Bridgeland/Memorial station is a CTrain light rail in Calgary, Alberta. It serves the Northeast Line (Route 202). It opened on April 27, 1985, as part of the original Northeast line. The station is located in the median of Memorial Drive Northeast, 1.4 km from the City Hall Interlocking.  A pedestrian overpass connects the station to both sides of Memorial Drive and stairs and escalators, as well as an elevator provide access down to the center-loading platform. 
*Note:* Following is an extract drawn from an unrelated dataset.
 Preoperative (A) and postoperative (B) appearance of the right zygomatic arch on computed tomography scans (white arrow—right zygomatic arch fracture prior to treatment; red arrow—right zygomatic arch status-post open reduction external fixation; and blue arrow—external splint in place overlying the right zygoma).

In 2004 and 2005, the station underwent upgrading and renovations to improve safety and access for visually impaired users wishing to access the nearby CNIB facility, and also in preparation for increased usage as work on The Bridges - a major inner city redevelopment project on the north side of the station - progressed. The station was closed for a couple of weeks in the summer of 2004 due to the construction.
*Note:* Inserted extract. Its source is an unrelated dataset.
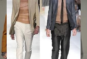 Gasas, muselinas, organizas, tules, los tejidos más vaporosos se tornan protagonistas, parece que se lleva enseñar, también insinuar. Los materiales más delicados son ahora destacados, de forma velada en nude y combinado con blanco por AlexanderMacqueen o conmicro corbata casi invisible de Costume Nacional

As part of Calgary Transit's plan to operate 4-car trains by the end of 2014, all 3-car platforms were extended. Construction on the extension of the platform at Bridgeland/Memorial started and was finished in 2014.
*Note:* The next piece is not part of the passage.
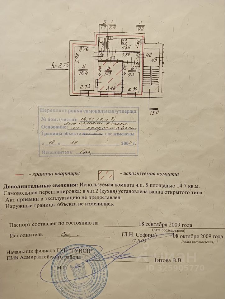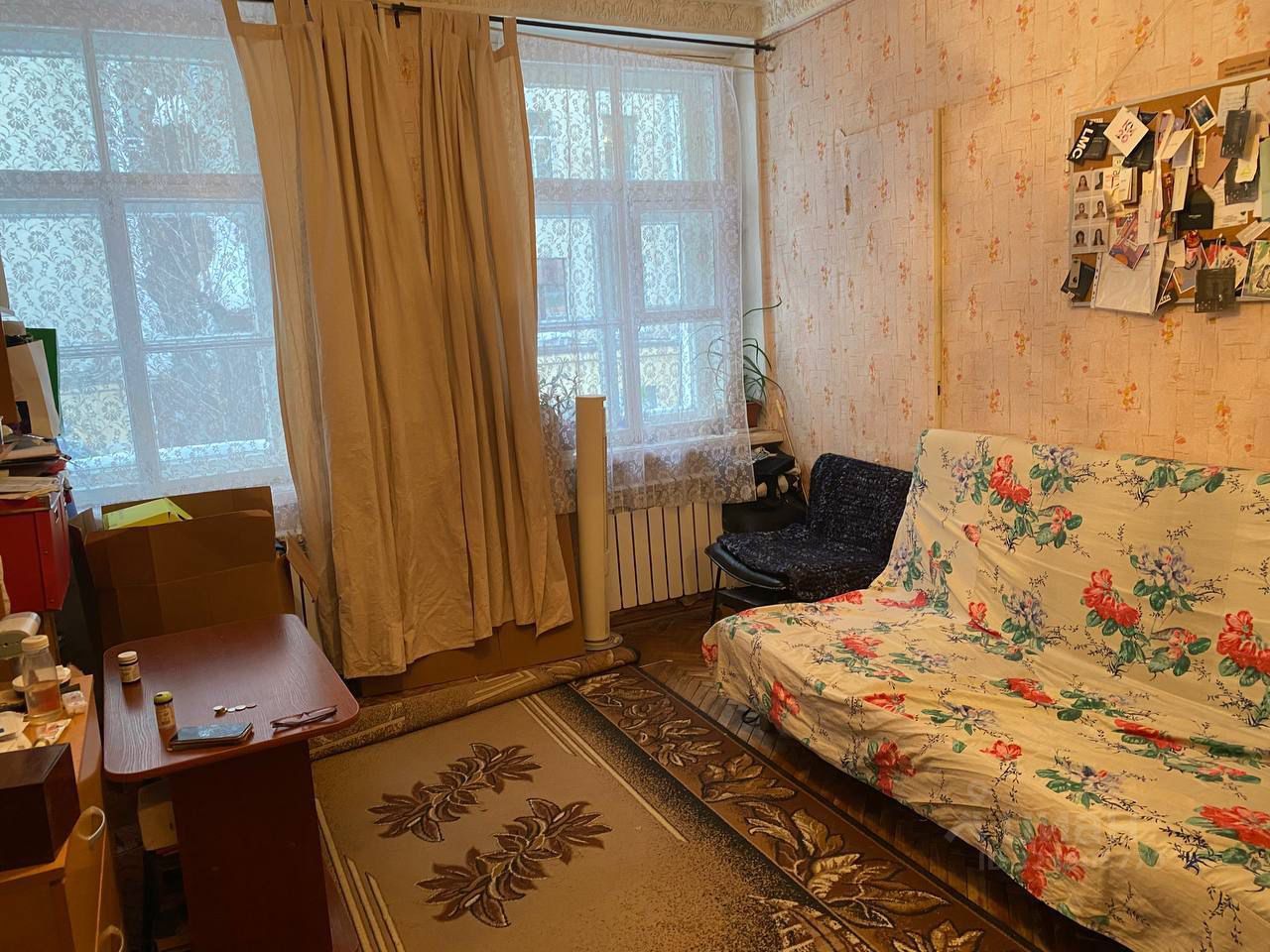 Продаётся комната 14.7 в 3 к. кв. , общей площадью 58.1, кухня 9.2, коридор 6.9, туалет 1.7 м, ванна на кухне, закрывается шторкой, акта на перепланировку нет. Высота потолков 2.75. Год постройки 1847, капремонт 1958. Толстые кирпичные стены, перекрытия железобетонные. Комната почти квадратная, с двумя окнами деревянными двойными. Окна в большой зеленый двор, восток, первый двор, закрывается на ворота. Вход со двора, сделан ремонт фасада дома. Квартира находится над цокольным этажом, на втором этаже 4х этажного дома. В квартире паркет. У окна справа в стену углублён небольшой шкаф, закрытый дверью. Один собственник, собственность с 2010 года, не зарегистрирован. Проживает три человека, соседи хорошие. Получен от собственника другой комнаты отказ, третья комната не приватизирована.

In 2005, the station registered an average transit of 1,300 boardings per weekday.

In the Media

In 1993, a re-enactment of an incident involving a 4-year-old child becoming entrapped by an escalator was filmed in the station for the TV show "Rescue 911".  Although the incident actually occurred at Rundle LRT station, this station was chosen for having an identical layout and more aesthetically pleasing visuals.